Zayn swallowed his burst of fury and looked. She’s a spirit rider, he reminded himself. You don’t dare argue with her, not in front of the comnee. Ammadin had her arms crossed over her chest, and her silver eyes were as cold as rain clouds. ‘I don’t know who the older sorcerer is.’ Zayn forced his voice level. ‘The Soutan that I know about, the young man with blond hair, he’s a business acquaintance of Warkannan’s. I heard that they’re prospecting for blackstone.’

‘What’s that?’

‘Something that probably doesn’t exist. It’s a black substance as hard as a rock, but it’s supposed to burn, and burn really hot, at that. That’s probably why they’re out on the plains. I guess. I don’t know. All the old stories about blackstone say you find it in the mountains.’

‘I’ve certainly never heard of it. But they’re trying to kill you, not find this blackstone.’

‘Well, I don’t understand it either. I’m as frustrated as you are with all these damned riddles.’

‘Like why Warkannan’s trying to kill you?’

‘That, too.’

Ammadin’s mouth twisted as if she disbelieved him, but she turned her head and looked over his shoulder, as if something behind him had distracted her. ‘I’ve got to talk with Apanador,’ she said. ‘We can discuss this later.’

She stepped around him and walked off.

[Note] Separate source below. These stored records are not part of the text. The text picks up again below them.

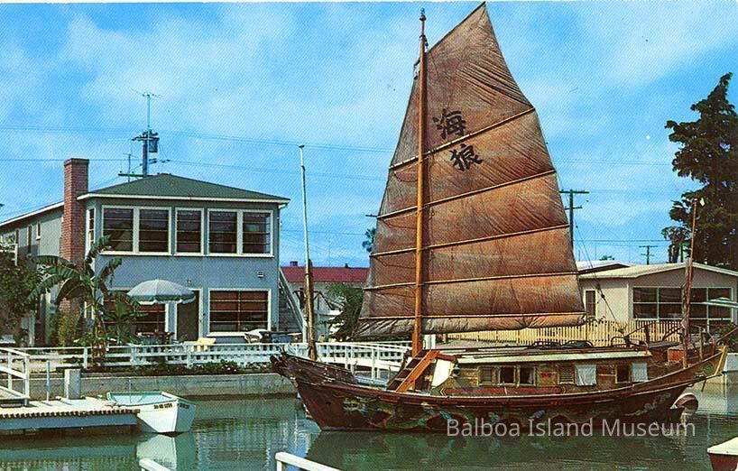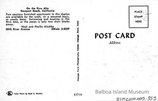 A color photograph postcard of a two story rectangular shaped house with a Chinese Junk-style ship in front of it. The building appears to still be there. It was owned by Neal and Phyllis Mischke, who were at phone number ORiole 3-8229. The building was located at 4010 River Avenue in Newport Beach.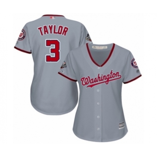 Women's Washington Nationals #3 Michael Taylor Authentic Grey Road Cool Base 2019 World Series Champions Baseball Jersey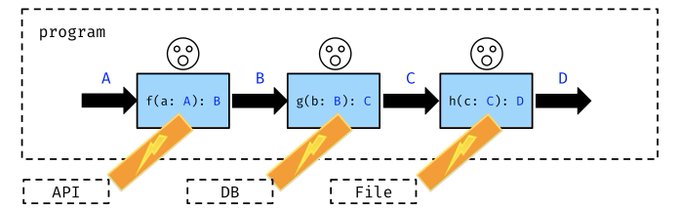 An effect is the thing a monad handles

He waited, letting her get well ahead of him, then went slowly back to camp. He reminded himself that he needed to act the part of a servant, that screaming in rage at a spirit rider would get him kicked out of the comnee at the very least. As soon as you’re across, he told himself, you’ll be leaving her behind.

The sun had risen well above the horizon by the time the comnee rode out. Zayn had always imagined the Rift as a deep gorge, narrow, craggy, perhaps even forbidding, but when they
reached it, the reality shocked him. He stood for a long time staring down at the ribbon of orange foliage far below, laced with the gleam of water, at the mists that hid the far wall, at the vast length of the thing, and remembered Ammadin’s remark, that here the earth was tearing apart. He could no longer argue the point.

‘Zayn?’ Ammadin walked up beside him and handed him a rag, damp and faintly sticky with plant sap. ‘Rub this on your face and neck, your hands, too, or the rebbuhs will eat you alive.’

‘Thanks.’ Zayn took the rag and began rubbing. ‘What about the horses?’

‘The rebbuhs won’t bother them. They only like the taste of H’mai.’ She paused, glancing down into the Rift. ‘It’s quite a sight, isn’t it?’

‘It’s amazing. I’m glad I’ve seen it. The descriptions I’ve read don’t do it justice.’

‘I thought your wise men would have drawn pictures of it.’

‘No, they never do that. The Prophets forbid making images of God’s creations.’